### The problem
Wherever pictures appear in the listing below, leave them out, and copy exactly, and only, everything from the line with "12.88 ºC | 12.3" down to the line with "The political donations".

### Entries shown
__________________________________________________

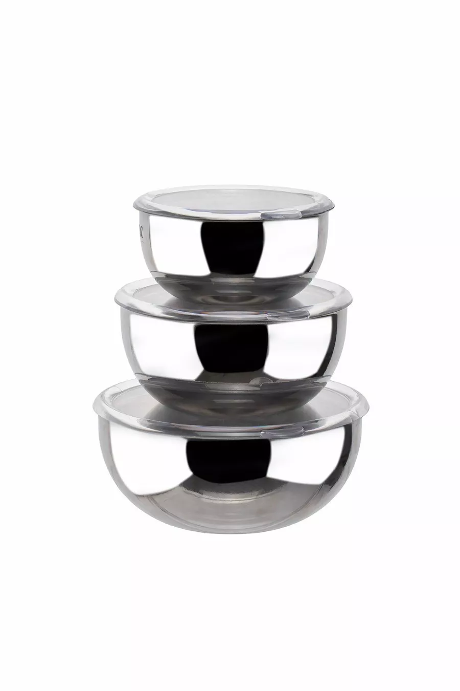 Parma 3-Piece Transparent Leak-Proof Lid Stainless Steel Mixing and Storage Bowl Set ( CM)
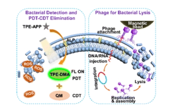 Abstract: Accurate identification and elimination of multi-bacterial infections are critical due to their significant threat to human health, the complexity of synergistic pathogenic mechanisms and their pivotal role in accelerating antibiotic resistance. Here, we developed a multiplex phage-based fluorescence assay using encoded magnetic nanobeads and multifunctional alkaline phosphatase (ALP)-activatable aggregation-induced emission (AIE) probes for synchronously sensitive detection and efficient elimination of multiple pathogenic bacteria. Preselected phages were covalently conjugated to magnetic nanobeads to form a phage cocktail recipe, enabling specific and precise separation of target bacteria from mixed samples. The high expression of ALP within bacteria triggers enzymatic cleavage of AIE probes, forming luminescent aggregates for sensitive detection, while quinone methide species generated in situ exhibit strong chemodynamic and photodynamic activities for enhanced bacterial killing. By combining the inherent bacteriolytic activity of phages on magnetic nanobeads, a significantly boosted efficacy in killing multi-bacterial infections was achieved. Both in vitro and in vivo experiments demonstrated that this integrated system enables sensitive identification of multi-bacterial infections and augmented antibacterial efficiency, offering a novel strategy for the real-time, precise diagnosis and treatment of multi-bacterial infections.
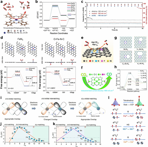 Figure 7. (a) Schematic illustration of CO2RR over a chemical unit of the TM-Pcs. (b) Free energy diagram of TM-PCs for CO2RR at V = 0 V. Reproduced from ref (116). Copyright 2022, American Chemical Society. (c) Stability test of Ni–N3S–C in flow cell with alkaline, acidic, and neutral electrolyte. The electrolytes are 1 M KOH (alkaline, pH = 14), 0.05 M H2SO4 + 1 M KCl (acidic, pH = 1), and 1 M KHCO3 (neutral, pH = 8.2). Reproduced from ref (102). Copyright 2025, Wiley-VCH. (d) Top-left, top-right: Top view and side view optimized adsorption configuration on simulated FeN4 and O–Fe–N-C (Fe, O, N, and C atoms are represented in purple, red, blue, and gray, respectively). Down-left, down-right: Free energy profiles for the CO2RR to CO at 0 V (vs RHE) and at – 0.48 V (vs RHE) on simulated FeN4 and O–Fe–N-C. Reproduced from ref (208). Copyright 2022, Wiley-VCH. (e) Scheme of ECR-to-CO activity for Ni-SAC@NFC. Reproduced from ref (130). Copyright 2024, American Chemical Society. (f) Scheme of ECR-to-CO activity for Ni–N4/C-NH2. Reproduced from ref (209). Copyright 2021, Royal Society Chemistry. (g) Optimized structures of Ni–N4, V1–Ni-N4, V2–Ni-N4, and V3–Ni-N4. (h) Free energy diagram for the ECR-to-CO conversion. Reproduced from ref (81). Copyright 2025, American Chemical Society. (i) Schematic diagram of the orbital matching mechanism, which originated from the characteristic d-d and d-p orbital interactions between the substrate and the dispersed metal atoms. The ″volcano-type″ scaling relationship between the number of valence electrons (nve) of dispersed elements and (j) single atom (k) cluster formation energies. Reproduced from ref (78). Copyright 2025, Wiley-VCH. (l) Different spin states of Co, Fe, and Mn atoms in TM-TCSACs (TM = Co, Fe, and Mn) and CO*. Reproduced from ref (71). Copyright 2025, American Chemical Society.
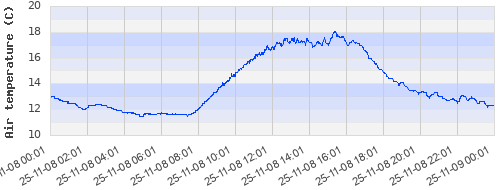 12.88 ºC | 12.3 ºC | 11.73 ºC | 13.41 ºC | 16.9 ºC | 17.1 ºC | 14.92 ºC | 12.99 ºC |
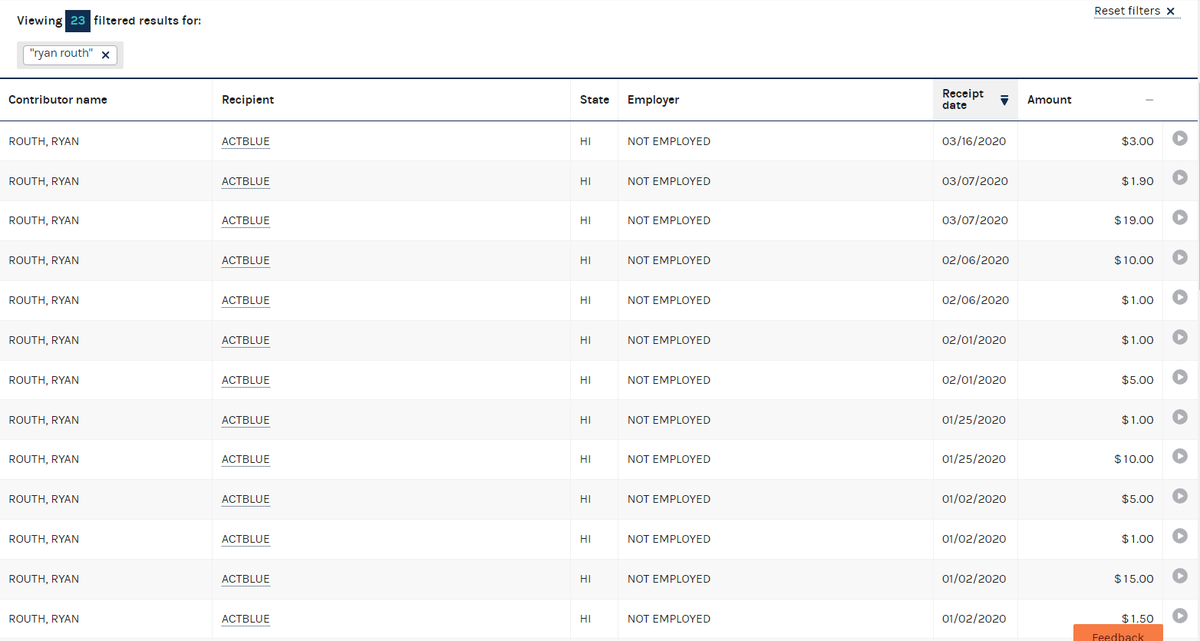 The political donations of would-be assassin Ryan Wesley Routh. All to the Democrats. Something in common with the last shooter. https://t.co/bZzNd9ENOi
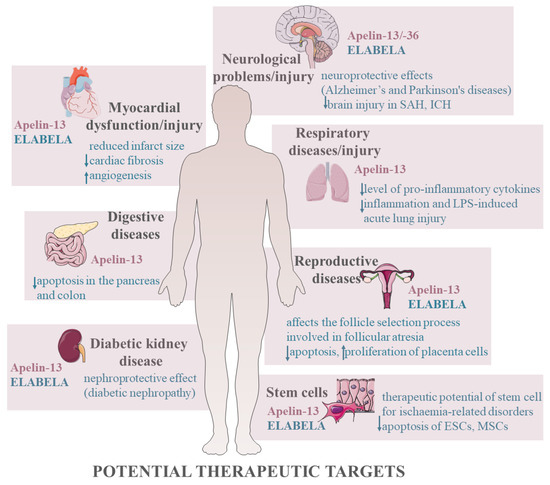 In summary, expression of apelinergic system was described in many tissues indicating the involvement in numerous physiological and pathological processes; both apelin and ELABELA at different doses and in various cells regulate apoptosis by activating several kinases such as the PI3K/AKT and ERK1/2 signalling pathways, changing the expression of genes and proteins that mediate apoptosis. Depending on the species/animal model, apelin may have anti-apoptotic effects on the granulosa cells in rats [43], with pro-apoptotic effects in bovine [108]. Depending on the type of cells and doses used, apelin shows different effects, which is the basis for the contradictory data in the literature. Nevertheless, apelin mainly shows anti-apoptotic activity, which is an introduction to research and a potential therapeutic target for various cancers [3,4] but also for many dysfunctions and diseases of the neurological, cardiovascular, and urinary systems (Figure 4).
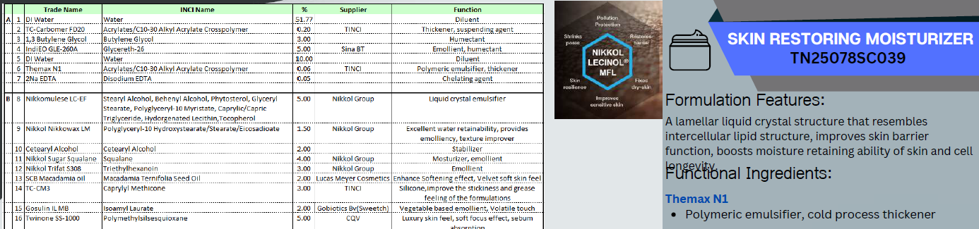 Nikkomulese LC forms lamellar LC structure, improves skin barrier function and boosts moisutre retaining ability of skin. Lecinol MFL as multifunctional active to promotes synthesis of ceramide and production of filaggrin towards strengthening skin barrier

__________________________________________________

### Task result
 12.88 ºC | 12.3 ºC | 11.73 ºC | 13.41 ºC | 16.9 ºC | 17.1 ºC | 14.92 ºC | 12.99 ºC |
 The political donations of would-be assassin Ryan Wesley Routh. All to the Democrats. Something in common with the last shooter. https://t.co/bZzNd9ENOi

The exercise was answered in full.